I really miss Homeland! I feel like I personally know the characters. Rupert Friend played Peter Quinn. One of my favorites.

But not so much in the movie "Hitman", which played like an action video game.

Most annoying.

Oh! I just read that the movie was based on the Hit-man games. That explains a lot. It wasn't horrible. But it did not hold a candle to Homeland.

Sigh.


I did a lot of soul searching as  I tossed and turned. And also while I turned and tossed!

Then I gave up trying to find a position where sleep would find me.

And I updated my profile on a free online dating site.

Yes, back to the fishing pond. But no great expectations. It is just nice to have a man in my pocket who I can text on a lonely, sleepless night.

One thing I did come away with after all that tossing, turning and soul searching is this: I NEED TO KICK THIS BELLY FAT IN THE BUTT!

Sick of it, I am! And most impatient I have become.

Watch out B.F.!!I am not going to show you any more mercy!

Dinner is a turkey burger on  a GF bun , side salad with balsamic vinegraite, and unsweetened iced tea. At Burgerville. No fries!! It is 7:15 p.m. no more food until tomorrow.

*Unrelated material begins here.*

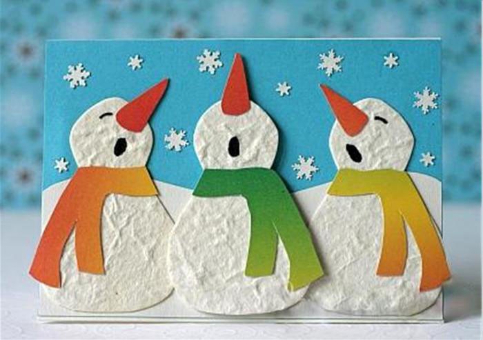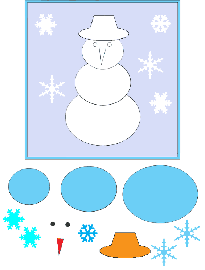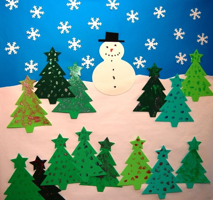 Kepingan salji dibuat sama ada dengan merobek kertas, atau dengan menempelkan bulu kapas atau corak yang serupa dari bawah pukulan lubang yang digambarkan

After I post this blog, I am going to the gym.

The time has come.

NO MERCY!!

Oh, and happy Saturday!

Talk to you tomorrow.

Love, peace and pure determination,

Zita






Comments

Popular posts from this blog

Year Four, Day 328: Success at Last!! This is What I Do

Hello My Long Lost Friends! Or, perhaps it was I who was lost? And now I think I am beginning to find myself!  Under layers of fat, and self loathing!  How's that for an opening line!  Or perhaps the title of a novel:  Layers of Fat and Self-Loathing! Today I stepped on the scale.  I am weighing myself every morning these days. I was shocked! I told my partner the scale must be broken!  Yesterday I weight 186. Today 185! I have been on a strict intermittent fast for the past 10 weeks. I have officially lost 12 pounds!  And the best news is I think I not only can stick to this way of eating, I am actually beginning to really enjoy it!  And look how far I've come! I've been writing since May 12, 2015.  Over 8 years now!  I know this blog post says Year Four, Day 328, but there have been many pauses in blogging. For instance, when I am not pleased with progress or simply have no words! I was 53 when I first began blogging. I am now 61. I honestly feel better than I did 8 years

Year Four, Day 335: "Crisis Fatigue"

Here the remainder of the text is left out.